Modern revivals often score the riot with hot-jazz 78s, but the original exhibitors reportedly hired a barrel-organ troupe, whose oompah wheeze mirrored the factory’s mechanical cadences. Contemporary accompanists should swap brass for kalimba and typewriter clacks—let the score itself feel chewed, stretched, re-purposed. Only then does the film’s central joke land: that capital’s rhythms can be hacked, looped, and spit back as carnival.

Gender & Gum: The Politics of Mastication

Chewing gum, marketed as dental virtue, was coded feminine in ads of the era. By lacing it with liquor, the film queers that propriety: women masticate madness in open-mouthed defiance of ladylike nibbles. Kirby’s final image—blowing a bubble so large it eclipses her face, then pops—reads as both climax and castration of the male gaze. The bubble is a translucent moon, a temporary autonomous zone where her visage, and by extension her subjectivity, can’t be pinned.

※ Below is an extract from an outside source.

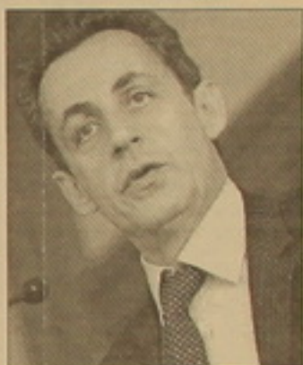
Նման եկևորային արթնություն Ֆրանսիայի 5-րդ հանրապետության դաշնության մեջ եղել է միայն 1993-ին՝ վարչապետ Էդուար Բալադուրի և նախագահ Ֆրանսուա Միտերանի երկրորդ համակցության ժամանակահատվածում:

«Վայր ակայություն» արթնությունը այսօր հրապարակում է հերթական ամենամսյա հարցման արդյունքները, որոնց համաձայն Ֆրանսիայի նախագահ Նիկոլա Մարկոզի վարկանիշն իջել է անախադեպ 33 տկոսի: Մինչդեռ վարչապետ Ֆրանսուա Ֆյոնը վերջին մեկ ամսում 6 տկոս ան է արձանագրել, նրա գործունեությանը հավանություն է արվել Ֆրանսիացիների 55 տկոսը:

Aftertaste: Why The Gum Riot Still Stings

A century on, gig apps time our bathroom breaks and Amazon patents wristbands that vibrate when workers slow. Against such algorithmic sobriety, the film’s fantasy—an assembly line gone deliciously haywire—feels like oxygen. Each viewing is a subversive chew, releasing micro-doses of historical memory: that rules are soluble, that the line can wobble, that sometimes all it takes is one clandestine drop to turn the whole vat into champagne. Stream it when the world feels bubblegum-bland; let it fizz behind your eyes until you, too, riot—if only in the privacy of your own spit.

Where to Watch & Sip

Archive.org hosts a 4K scan of the surviving reels, though you’ll need to supply your own prohibition-era cocktail. criterionchannel.com rotates a restored print every July during its “Silent Shenanigans” collection. Pair with a grapefruit-gin fizz: the citrus cuts the sweetness, the gin winks at the bootlegger, and the bubbles mimic that final pink tsunami—one sip, and the screen might just start chewing back.